*Input for this task*

⁂

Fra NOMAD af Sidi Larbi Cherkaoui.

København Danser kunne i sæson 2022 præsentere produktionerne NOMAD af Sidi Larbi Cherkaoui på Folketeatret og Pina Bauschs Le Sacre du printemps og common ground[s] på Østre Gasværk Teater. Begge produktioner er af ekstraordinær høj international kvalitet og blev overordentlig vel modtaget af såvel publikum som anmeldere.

⁂

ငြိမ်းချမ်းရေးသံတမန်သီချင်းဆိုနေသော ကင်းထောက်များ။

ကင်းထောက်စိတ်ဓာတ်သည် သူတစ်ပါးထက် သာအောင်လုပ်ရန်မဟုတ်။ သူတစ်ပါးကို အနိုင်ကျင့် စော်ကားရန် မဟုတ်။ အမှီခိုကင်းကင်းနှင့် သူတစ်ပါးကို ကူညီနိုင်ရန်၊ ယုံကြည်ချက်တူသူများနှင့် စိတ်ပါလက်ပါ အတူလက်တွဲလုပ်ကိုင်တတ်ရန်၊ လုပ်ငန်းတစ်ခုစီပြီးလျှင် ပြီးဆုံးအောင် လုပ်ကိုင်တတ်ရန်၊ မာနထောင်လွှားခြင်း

⁂

*Instructions for the task*
From the data above, output only the lines between the line containing "Fra NOMAD af Sidi Larbi Cherkaoui." and the line containing "København Danser kunne", inclusive, exactly as written.

*Response box*
Fra NOMAD af Sidi Larbi Cherkaoui.

København Danser kunne i sæson 2022 præsentere produktionerne NOMAD af Sidi Larbi Cherkaoui på Folketeatret og Pina Bauschs Le Sacre du printemps og common ground[s] på Østre Gasværk Teater. Begge produktioner er af ekstraordinær høj international kvalitet og blev overordentlig vel modtaget af såvel publikum som anmeldere.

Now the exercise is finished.